Information.
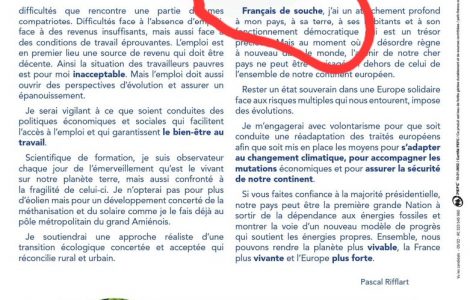 Politique P. Rifflart, candidat macroniste dans la Somme face à F. Ruffin, se revendique “Français de souche” dans sa plaquette de campagne (MàJ : après l’avoir “assumé”, il remplace le terme par “comme tout Français”, à la demande de Renaissance) Politique P. Rifflart, candidat macroniste dans la Somme face à F. Ruffin, se revendique “Français de souche” dans sa plaquette de campagne (MàJ : après l’avoir “assumé”, il remplace le terme par “comme tout Français”, à la demande de Renaissance)
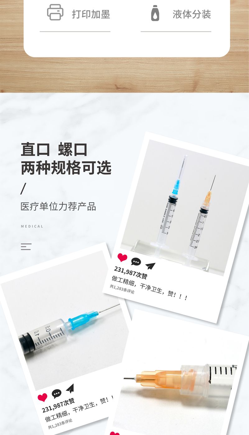 | 使用方法 | .1撕開單包裝袋,取出注射器。2.2去掉注射針保護套,拉動芯桿作來回滑動,擰緊注射針,然后抽入藥液。2.3注射針向上,緩慢上推芯桿排除空氣。2.4進行皮下或肌肉注射或進行抽血 |
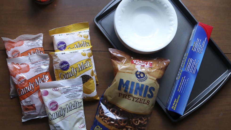 I'm back! With another ridiculously easy candy corn inspired dessert tutorial! Today I made chocolate & pretzel bark. Bark is one of the easiest treats to make, and it is easily customizable. Lots of bark has peanut butter, caramel, fudge, and lots of other stuff added to it. This time I just stuck to the essentials, candy melts, chocolate, and pretzels.
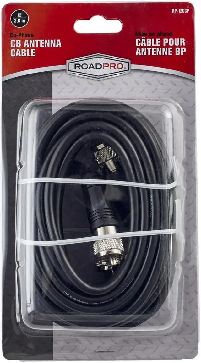 ROADPRO R RP-12CCP 12 CB ANTENNA CO-PHASE COAX CABLE WITH 3 PL-259 CONNECTORS BLACKRG-59A/U Coaxial Cable w/Molded PL-259 Connectors for Moisture Protection For Use with Dual CB Antenna SO-239 Stud Mounts 95% Shielding Coverage for Protection of RF Leaks and Interference Stranded Center Conductor for Flexibility
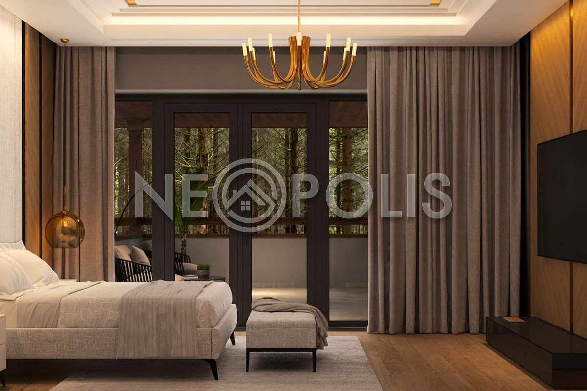- 2 этаж:холл, мастер-спальня с двумя гардеробными, ванной комнатой и выходом на балкон, детский блок: 2 спальни, игровая, ванная комната.
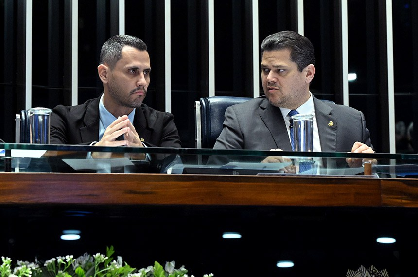 Autor da PEC que gerou a emenda, senador Cleitinho, ao lado do presidente do Congresso, Davi Alcolumbre. /Foto: Carlos Moura/Agência Senado
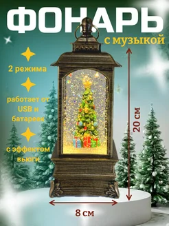 Новогодний музыкальный фонарь с снежинками (светильник)
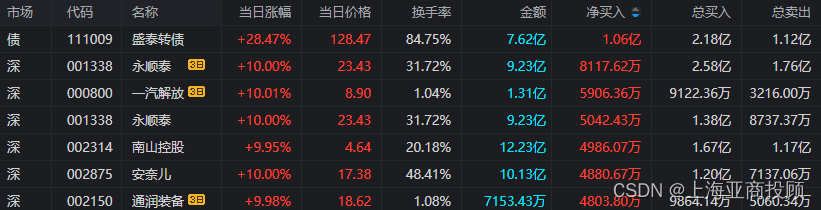 ②一汽解放(000800),资金净额买入5906万元,所属板块:汽车整车。上榜原因:连续三个交易日内,涨幅偏离值累计达20%的证券。1、公司主营业务为商用车整车的研发、生产和销售。公司目前设有2家控股子公司、1个动力总成基地和相关职能部门,现有一汽奔腾、一汽Mazda等乘用车产品系列。 2、公司在新能源领域,已实现牵引、自卸、载货及专用四大品系主流应用场景产品的全覆盖, 2023-2025 年将陆续完成商用车新能源自主电驱、电池、电控三大核心总成产品开发,实现燃料电池技术的突破,并实现整车应用。 3、公司作为军工企业,按有关规定须由中国第一汽车集团有限公司作为实际控制人保持国有控股地位。 4、公司属于国有企业。公司的实际控制人为国务院国有资产监督管理委员会。
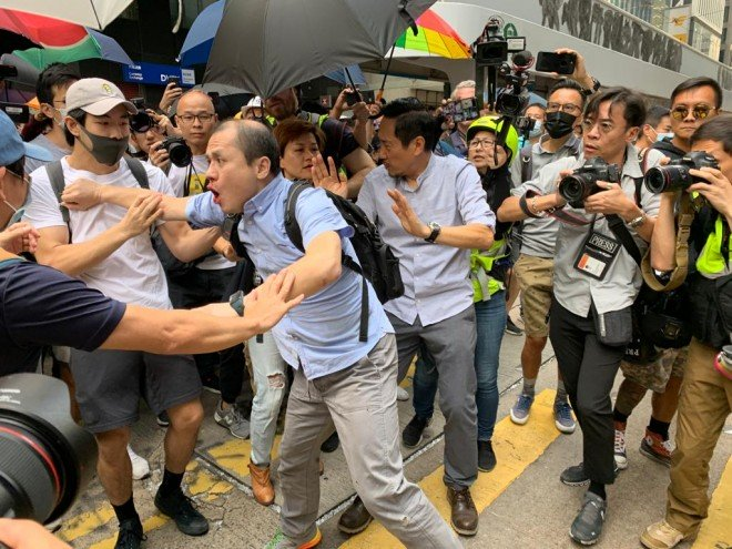A truck rushed through a roadblock on Chatham Road South, with protesters throwing petrol bombs at it in return. Its container was briefly on fire but protesters later helped put it out. An argument was triggered but protesters did not pursue. Video: SCMP/Lea Li pic.twitter.com/4zRR14wQoW
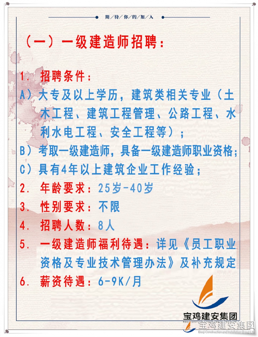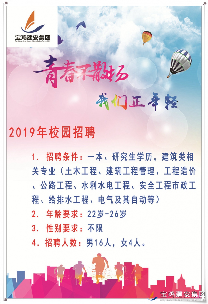 寶雞建安集團(tuán)股份有限公司2019年招聘火熱進(jìn)行中......
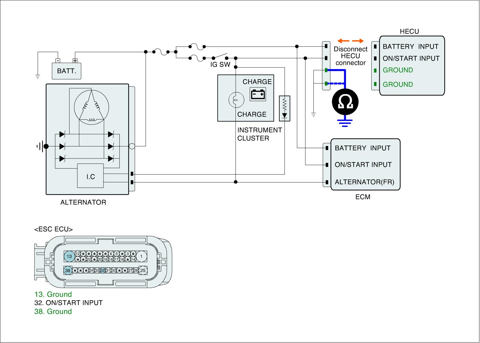 3. Measure resistance between ground terminal of the HECU harness connector and chassis ground.
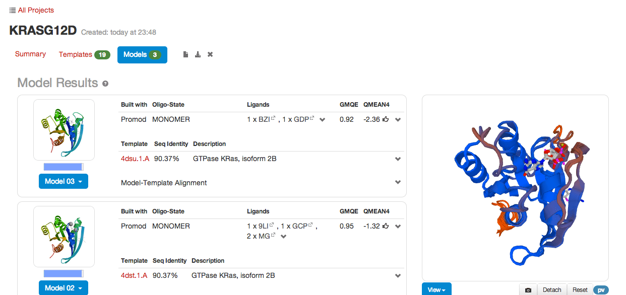 Expasy, the folks that brought you all SwissProt, have an interesting tool called SwissModel that lets you model a protein given a protein sequence. I was curious about KRASG12D, so I pasted the edited sequence into SwissModel, and this was the result.
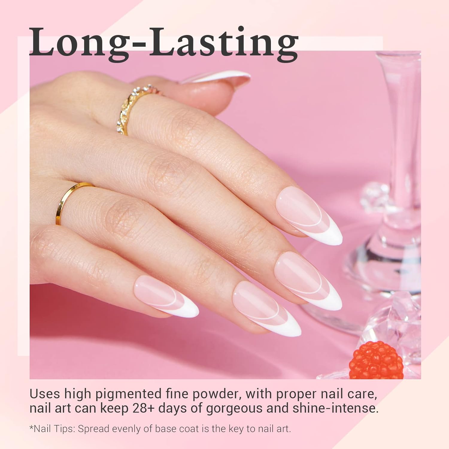 • Attention: ① Avoid direct contact with skin, remove immediately if you feel any discomfort. ②The effection of dip powder may show differently in different people, 2~3 base coats while using will be the best
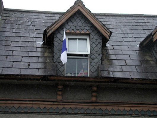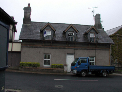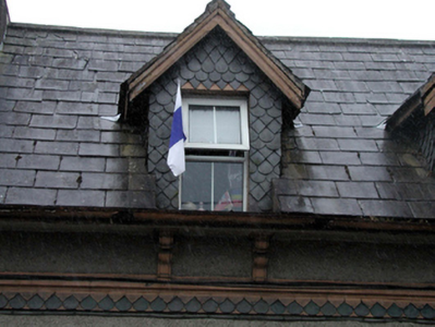 Detached three-bay single-storey house with half-dormer attic, c.1875. Refenestrated, c.2000. Pitched slate roof (gabled to half-dormer attic windows) with clay ridge tiles, rendered profiled chimney stacks, timber eaves, and cast-iron rainwater goods on overhanging eaves having consoles. Unpainted roughcast walls with decorative yellow and vitrified blue brick stringcourse in saw-tooth pattern having moulded course over. Slate hanging to dormer attic window with fish scale-pattern slate. Square-headed window openings with rendered sills, and replacement uPVC casement windows, c.2000. Square-headed door opening with replacement uPVC panelled door, c.2000, and overlight. Set back from line of road with sections of hoop iron railings to front on unpainted roughcast plinth having rendered piers.
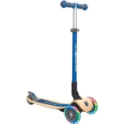 Der Primo Foldable Wood mit neuem Designkonzept bietet jede Menge Fahrspaß und ermöglicht einfaches Zusammenklappen. Der Lenker ist 3-fach höhenverstellbar zur optimalen Anpassung an das Kind. Durch die zuschaltbare Lenkeinrastung und die ergonomischen Handgriffe lässt sich einfach und sicher Fahren lernen. Ein weiteres Feature des Rollers sind die extra breiten Leuchtrollen. Das stabile Deck aus Birkenholz ist tiefer gelegt, so können leichter beide Füße aufgestellt werden. Das sorgt für optimale Kontrolle und erhöhten Komfort. Das Fahrwerk mit Kugellager ABEC 5 dient der optimalen Steuerung. Der Foldable Wood verfügt außerdem über eine besonders breite Hi-impact Reibungsbremse mit Speichenschutz sowie über super High Rebound gegossene PU Rollen in 120 mm und 80 mm.
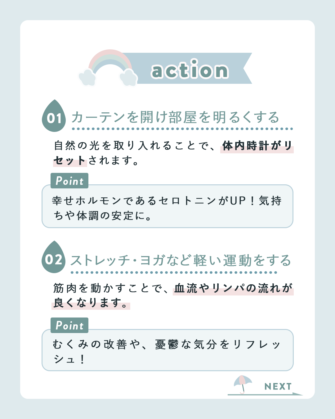 ・5枚目のクロージングとして、8つの習慣をリストにして優しく背中を押す一言を添え、保存を促す

What is needed. With the pictures removed, return the listing above in its exact original wording.

Written response.
 Politique P. Rifflart, candidat macroniste dans la Somme face à F. Ruffin, se revendique “Français de souche” dans sa plaquette de campagne (MàJ : après l’avoir “assumé”, il remplace le terme par “comme tout Français”, à la demande de Renaissance) Politique P. Rifflart, candidat macroniste dans la Somme face à F. Ruffin, se revendique “Français de souche” dans sa plaquette de campagne (MàJ : après l’avoir “assumé”, il remplace le terme par “comme tout Français”, à la demande de Renaissance)
 | 使用方法 | .1撕開單包裝袋,取出注射器。2.2去掉注射針保護套,拉動芯桿作來回滑動,擰緊注射針,然后抽入藥液。2.3注射針向上,緩慢上推芯桿排除空氣。2.4進行皮下或肌肉注射或進行抽血 |
 I'm back! With another ridiculously easy candy corn inspired dessert tutorial! Today I made chocolate & pretzel bark. Bark is one of the easiest treats to make, and it is easily customizable. Lots of bark has peanut butter, caramel, fudge, and lots of other stuff added to it. This time I just stuck to the essentials, candy melts, chocolate, and pretzels.
 ROADPRO R RP-12CCP 12 CB ANTENNA CO-PHASE COAX CABLE WITH 3 PL-259 CONNECTORS BLACKRG-59A/U Coaxial Cable w/Molded PL-259 Connectors for Moisture Protection For Use with Dual CB Antenna SO-239 Stud Mounts 95% Shielding Coverage for Protection of RF Leaks and Interference Stranded Center Conductor for Flexibility
- 2 этаж:холл, мастер-спальня с двумя гардеробными, ванной комнатой и выходом на балкон, детский блок: 2 спальни, игровая, ванная комната.
 Autor da PEC que gerou a emenda, senador Cleitinho, ao lado do presidente do Congresso, Davi Alcolumbre. /Foto: Carlos Moura/Agência Senado
 Новогодний музыкальный фонарь с снежинками (светильник)
 ②一汽解放(000800),资金净额买入5906万元,所属板块:汽车整车。上榜原因:连续三个交易日内,涨幅偏离值累计达20%的证券。1、公司主营业务为商用车整车的研发、生产和销售。公司目前设有2家控股子公司、1个动力总成基地和相关职能部门,现有一汽奔腾、一汽Mazda等乘用车产品系列。 2、公司在新能源领域,已实现牵引、自卸、载货及专用四大品系主流应用场景产品的全覆盖, 2023-2025 年将陆续完成商用车新能源自主电驱、电池、电控三大核心总成产品开发,实现燃料电池技术的突破,并实现整车应用。 3、公司作为军工企业,按有关规定须由中国第一汽车集团有限公司作为实际控制人保持国有控股地位。 4、公司属于国有企业。公司的实际控制人为国务院国有资产监督管理委员会。
A truck rushed through a roadblock on Chatham Road South, with protesters throwing petrol bombs at it in return. Its container was briefly on fire but protesters later helped put it out. An argument was triggered but protesters did not pursue. Video: SCMP/Lea Li pic.twitter.com/4zRR14wQoW
 寶雞建安集團(tuán)股份有限公司2019年招聘火熱進(jìn)行中......
 3. Measure resistance between ground terminal of the HECU harness connector and chassis ground.
 Expasy, the folks that brought you all SwissProt, have an interesting tool called SwissModel that lets you model a protein given a protein sequence. I was curious about KRASG12D, so I pasted the edited sequence into SwissModel, and this was the result.
 • Attention: ① Avoid direct contact with skin, remove immediately if you feel any discomfort. ②The effection of dip powder may show differently in different people, 2~3 base coats while using will be the best
 Detached three-bay single-storey house with half-dormer attic, c.1875. Refenestrated, c.2000. Pitched slate roof (gabled to half-dormer attic windows) with clay ridge tiles, rendered profiled chimney stacks, timber eaves, and cast-iron rainwater goods on overhanging eaves having consoles. Unpainted roughcast walls with decorative yellow and vitrified blue brick stringcourse in saw-tooth pattern having moulded course over. Slate hanging to dormer attic window with fish scale-pattern slate. Square-headed window openings with rendered sills, and replacement uPVC casement windows, c.2000. Square-headed door opening with replacement uPVC panelled door, c.2000, and overlight. Set back from line of road with sections of hoop iron railings to front on unpainted roughcast plinth having rendered piers.
 Der Primo Foldable Wood mit neuem Designkonzept bietet jede Menge Fahrspaß und ermöglicht einfaches Zusammenklappen. Der Lenker ist 3-fach höhenverstellbar zur optimalen Anpassung an das Kind. Durch die zuschaltbare Lenkeinrastung und die ergonomischen Handgriffe lässt sich einfach und sicher Fahren lernen. Ein weiteres Feature des Rollers sind die extra breiten Leuchtrollen. Das stabile Deck aus Birkenholz ist tiefer gelegt, so können leichter beide Füße aufgestellt werden. Das sorgt für optimale Kontrolle und erhöhten Komfort. Das Fahrwerk mit Kugellager ABEC 5 dient der optimalen Steuerung. Der Foldable Wood verfügt außerdem über eine besonders breite Hi-impact Reibungsbremse mit Speichenschutz sowie über super High Rebound gegossene PU Rollen in 120 mm und 80 mm.
 ・5枚目のクロージングとして、8つの習慣をリストにして優しく背中を押す一言を添え、保存を促す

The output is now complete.